- **What the task requires**
The expected answer is the data below, printed verbatim without its pictures.
Given records below:
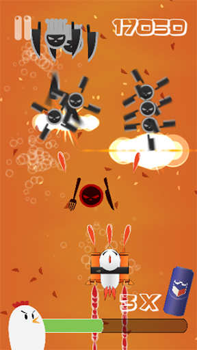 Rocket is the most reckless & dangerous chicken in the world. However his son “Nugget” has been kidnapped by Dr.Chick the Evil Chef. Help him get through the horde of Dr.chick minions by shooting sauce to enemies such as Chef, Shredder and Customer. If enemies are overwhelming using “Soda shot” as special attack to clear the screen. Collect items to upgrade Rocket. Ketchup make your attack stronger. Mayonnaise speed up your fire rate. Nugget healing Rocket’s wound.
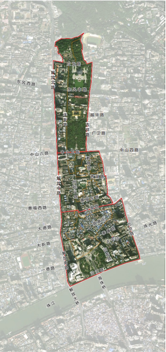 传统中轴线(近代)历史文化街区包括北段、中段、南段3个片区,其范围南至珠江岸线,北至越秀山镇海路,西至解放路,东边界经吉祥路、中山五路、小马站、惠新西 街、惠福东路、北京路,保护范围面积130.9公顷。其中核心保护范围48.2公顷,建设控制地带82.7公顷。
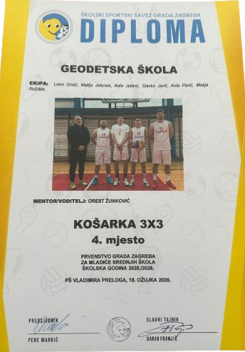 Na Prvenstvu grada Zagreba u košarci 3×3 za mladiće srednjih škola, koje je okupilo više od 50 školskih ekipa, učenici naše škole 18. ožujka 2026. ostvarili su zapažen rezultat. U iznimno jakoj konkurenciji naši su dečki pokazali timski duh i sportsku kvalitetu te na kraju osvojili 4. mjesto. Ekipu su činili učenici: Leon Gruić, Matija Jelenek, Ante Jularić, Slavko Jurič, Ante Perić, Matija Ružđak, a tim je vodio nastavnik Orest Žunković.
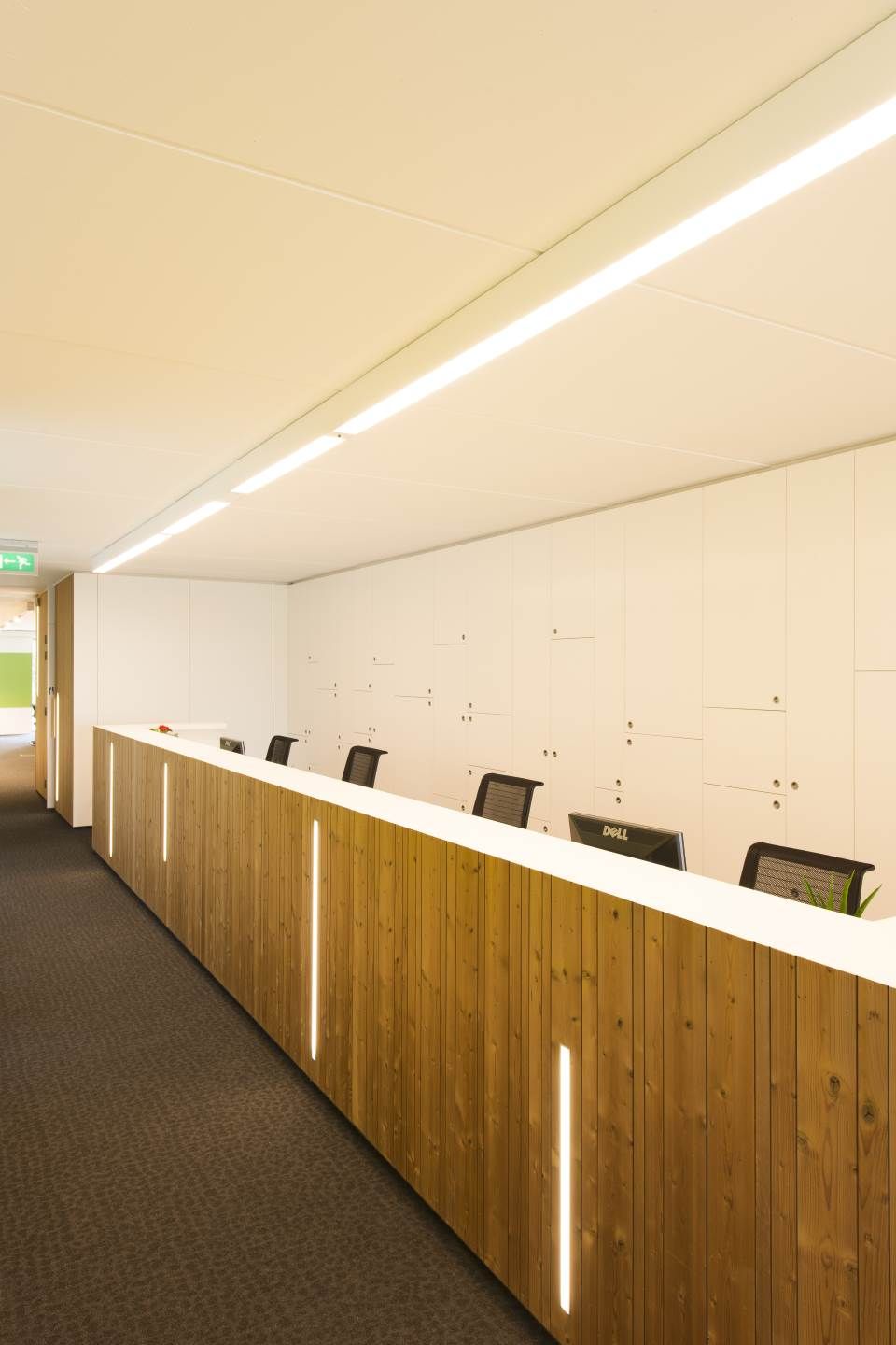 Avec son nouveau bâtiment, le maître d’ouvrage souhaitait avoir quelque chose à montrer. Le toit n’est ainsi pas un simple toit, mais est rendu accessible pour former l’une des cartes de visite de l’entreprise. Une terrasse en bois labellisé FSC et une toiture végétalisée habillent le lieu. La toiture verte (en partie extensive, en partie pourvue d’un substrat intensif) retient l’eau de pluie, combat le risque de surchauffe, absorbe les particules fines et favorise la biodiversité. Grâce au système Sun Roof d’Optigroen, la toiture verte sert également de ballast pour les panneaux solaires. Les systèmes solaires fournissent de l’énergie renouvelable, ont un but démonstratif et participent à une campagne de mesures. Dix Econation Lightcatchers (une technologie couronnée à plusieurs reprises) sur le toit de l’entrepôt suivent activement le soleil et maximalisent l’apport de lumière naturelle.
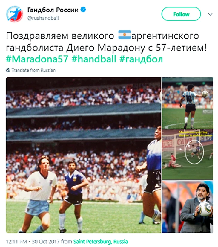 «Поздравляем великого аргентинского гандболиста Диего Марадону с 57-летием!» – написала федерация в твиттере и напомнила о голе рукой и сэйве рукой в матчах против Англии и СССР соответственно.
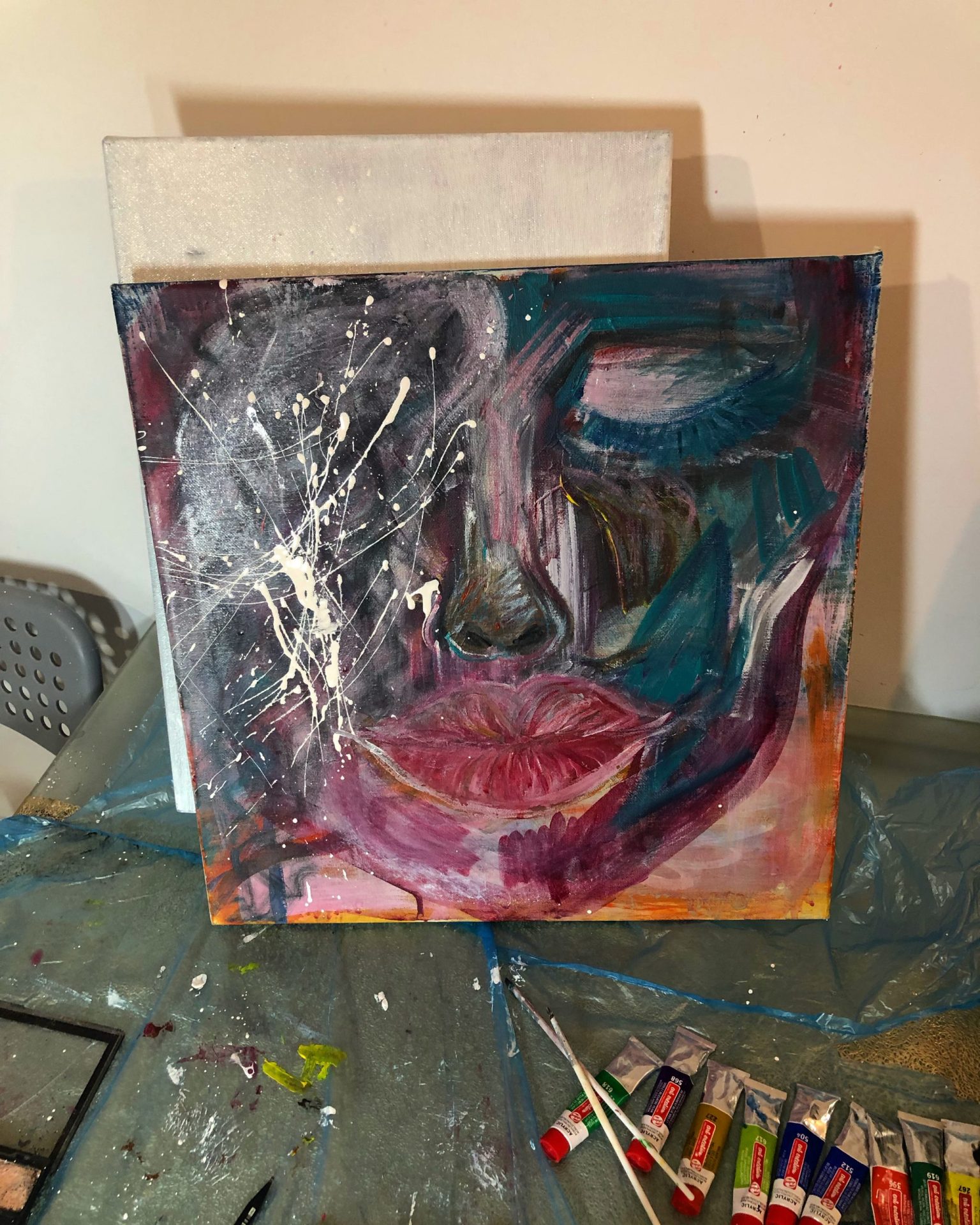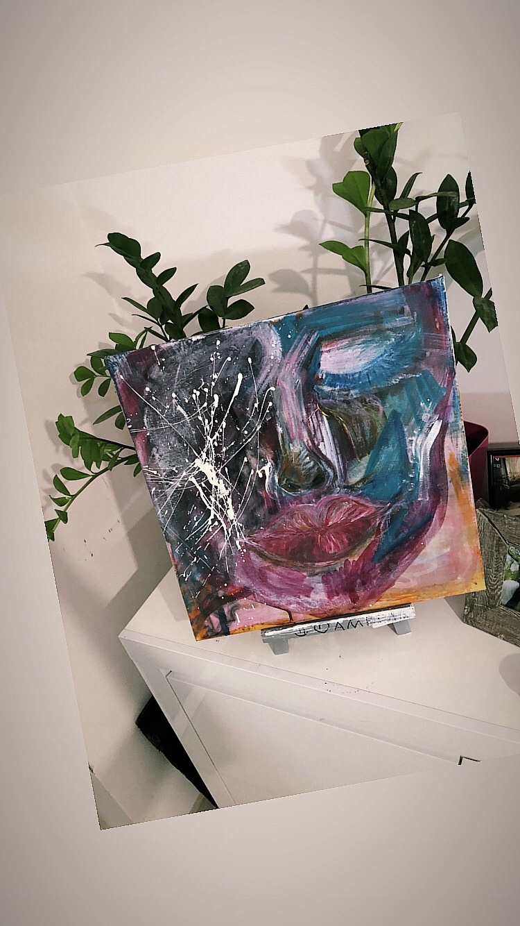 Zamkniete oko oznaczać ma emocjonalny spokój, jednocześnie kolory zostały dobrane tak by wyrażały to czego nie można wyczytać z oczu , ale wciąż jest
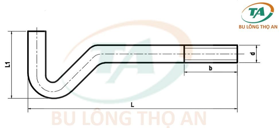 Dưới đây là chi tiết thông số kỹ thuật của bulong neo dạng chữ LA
End of Given records.
- **Answer for this exercise**
 Rocket is the most reckless & dangerous chicken in the world. However his son “Nugget” has been kidnapped by Dr.Chick the Evil Chef. Help him get through the horde of Dr.chick minions by shooting sauce to enemies such as Chef, Shredder and Customer. If enemies are overwhelming using “Soda shot” as special attack to clear the screen. Collect items to upgrade Rocket. Ketchup make your attack stronger. Mayonnaise speed up your fire rate. Nugget healing Rocket’s wound.
 传统中轴线(近代)历史文化街区包括北段、中段、南段3个片区,其范围南至珠江岸线,北至越秀山镇海路,西至解放路,东边界经吉祥路、中山五路、小马站、惠新西 街、惠福东路、北京路,保护范围面积130.9公顷。其中核心保护范围48.2公顷,建设控制地带82.7公顷。
 Na Prvenstvu grada Zagreba u košarci 3×3 za mladiće srednjih škola, koje je okupilo više od 50 školskih ekipa, učenici naše škole 18. ožujka 2026. ostvarili su zapažen rezultat. U iznimno jakoj konkurenciji naši su dečki pokazali timski duh i sportsku kvalitetu te na kraju osvojili 4. mjesto. Ekipu su činili učenici: Leon Gruić, Matija Jelenek, Ante Jularić, Slavko Jurič, Ante Perić, Matija Ružđak, a tim je vodio nastavnik Orest Žunković.
 Avec son nouveau bâtiment, le maître d’ouvrage souhaitait avoir quelque chose à montrer. Le toit n’est ainsi pas un simple toit, mais est rendu accessible pour former l’une des cartes de visite de l’entreprise. Une terrasse en bois labellisé FSC et une toiture végétalisée habillent le lieu. La toiture verte (en partie extensive, en partie pourvue d’un substrat intensif) retient l’eau de pluie, combat le risque de surchauffe, absorbe les particules fines et favorise la biodiversité. Grâce au système Sun Roof d’Optigroen, la toiture verte sert également de ballast pour les panneaux solaires. Les systèmes solaires fournissent de l’énergie renouvelable, ont un but démonstratif et participent à une campagne de mesures. Dix Econation Lightcatchers (une technologie couronnée à plusieurs reprises) sur le toit de l’entrepôt suivent activement le soleil et maximalisent l’apport de lumière naturelle.
 «Поздравляем великого аргентинского гандболиста Диего Марадону с 57-летием!» – написала федерация в твиттере и напомнила о голе рукой и сэйве рукой в матчах против Англии и СССР соответственно.
 Zamkniete oko oznaczać ma emocjonalny spokój, jednocześnie kolory zostały dobrane tak by wyrażały to czego nie można wyczytać z oczu , ale wciąż jest
 Dưới đây là chi tiết thông số kỹ thuật của bulong neo dạng chữ LA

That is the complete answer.